(Excerpts from a dataset)
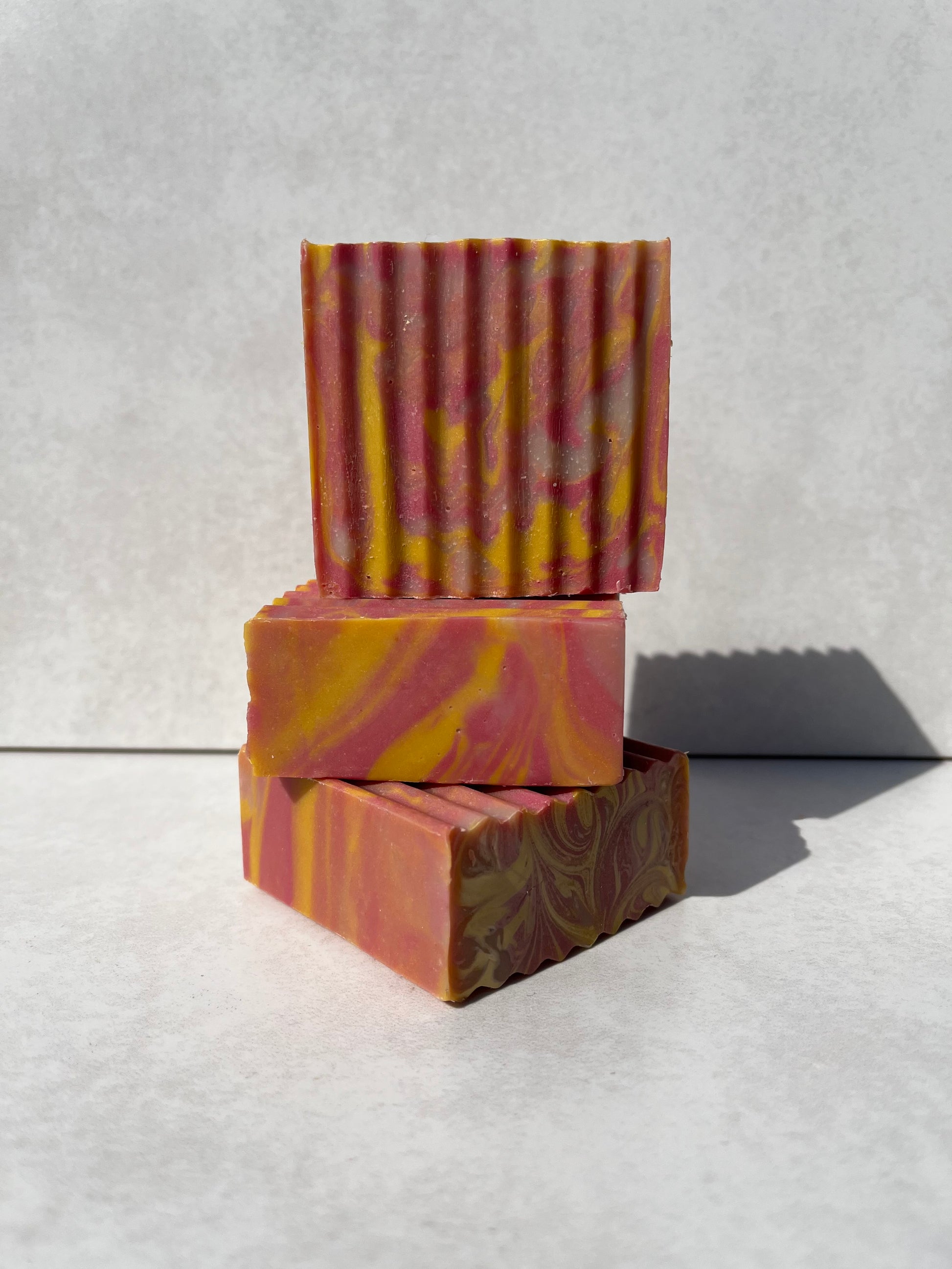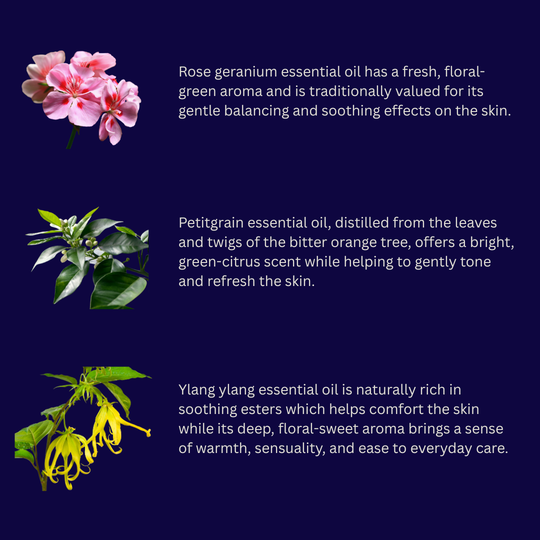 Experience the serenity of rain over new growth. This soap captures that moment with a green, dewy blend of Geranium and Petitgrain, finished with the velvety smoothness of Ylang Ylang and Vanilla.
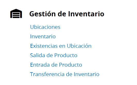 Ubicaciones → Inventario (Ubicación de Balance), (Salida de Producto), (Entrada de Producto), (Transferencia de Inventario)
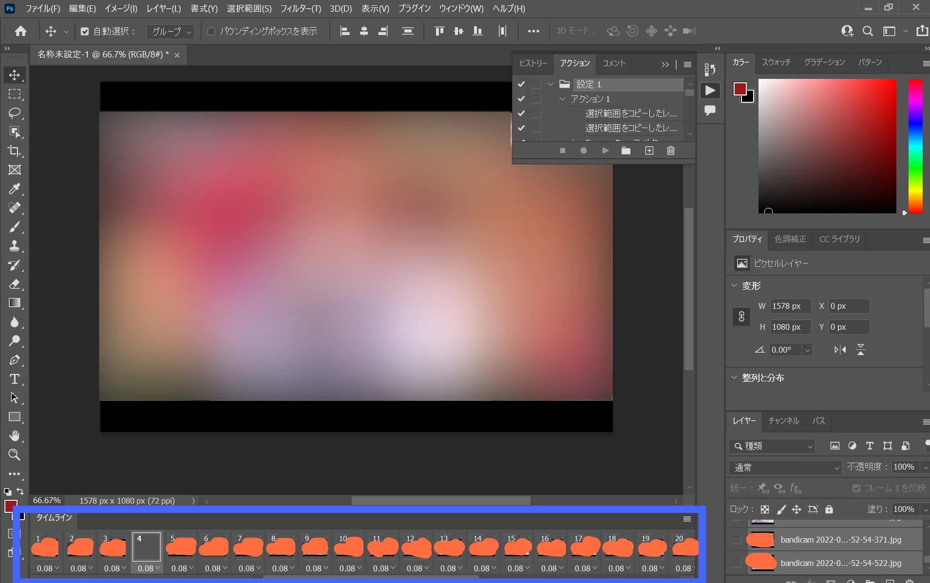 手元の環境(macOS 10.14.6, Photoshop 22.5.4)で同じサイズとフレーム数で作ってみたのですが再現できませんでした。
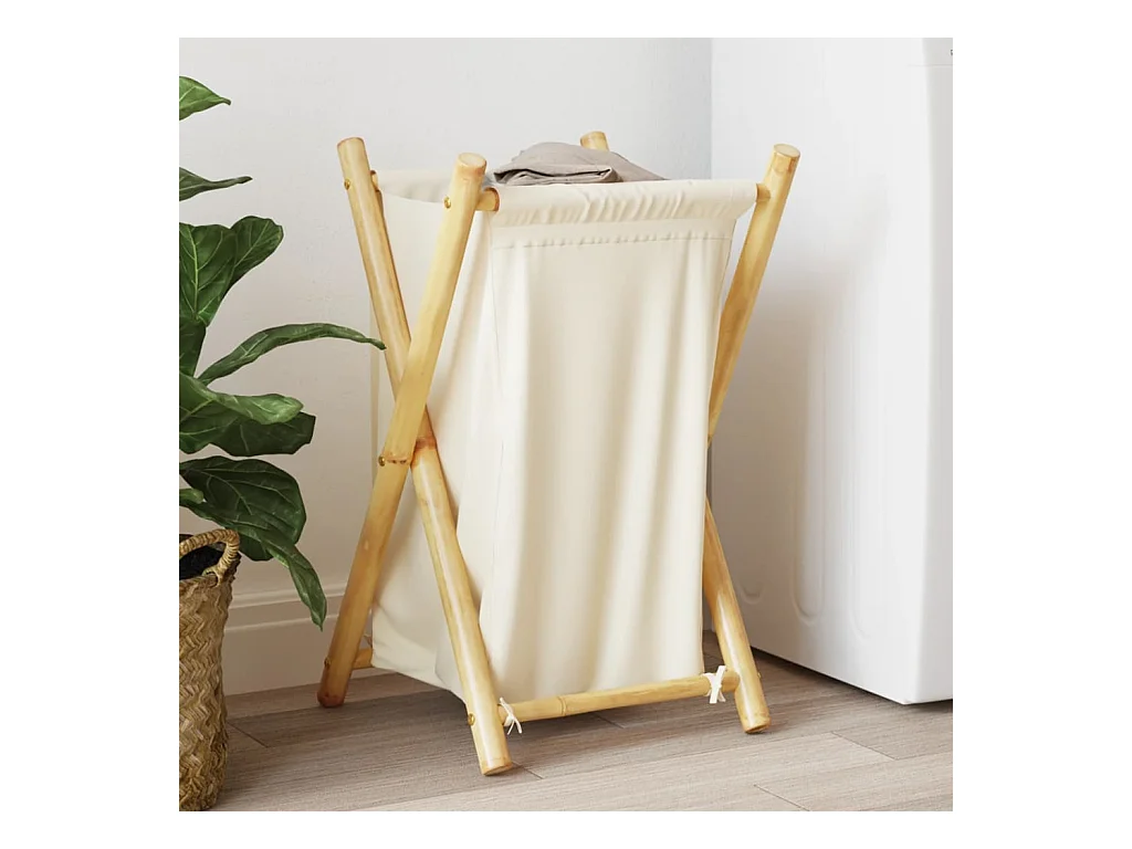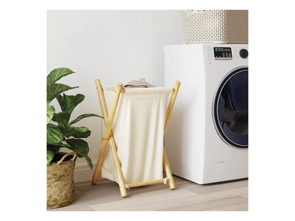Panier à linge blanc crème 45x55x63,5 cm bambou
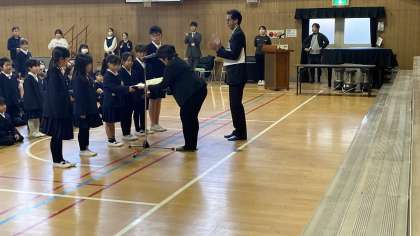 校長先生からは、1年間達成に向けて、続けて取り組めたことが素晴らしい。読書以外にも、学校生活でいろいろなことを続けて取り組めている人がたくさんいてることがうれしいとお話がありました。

- [WHAT NEEDS TO BE DONE]: Output all the data above verbatim, leaving out images.

- [ANSWER FOR THE TASK]:
 Experience the serenity of rain over new growth. This soap captures that moment with a green, dewy blend of Geranium and Petitgrain, finished with the velvety smoothness of Ylang Ylang and Vanilla.
 Ubicaciones → Inventario (Ubicación de Balance), (Salida de Producto), (Entrada de Producto), (Transferencia de Inventario)
 手元の環境(macOS 10.14.6, Photoshop 22.5.4)で同じサイズとフレーム数で作ってみたのですが再現できませんでした。
Panier à linge blanc crème 45x55x63,5 cm bambou
 校長先生からは、1年間達成に向けて、続けて取り組めたことが素晴らしい。読書以外にも、学校生活でいろいろなことを続けて取り組めている人がたくさんいてることがうれしいとお話がありました。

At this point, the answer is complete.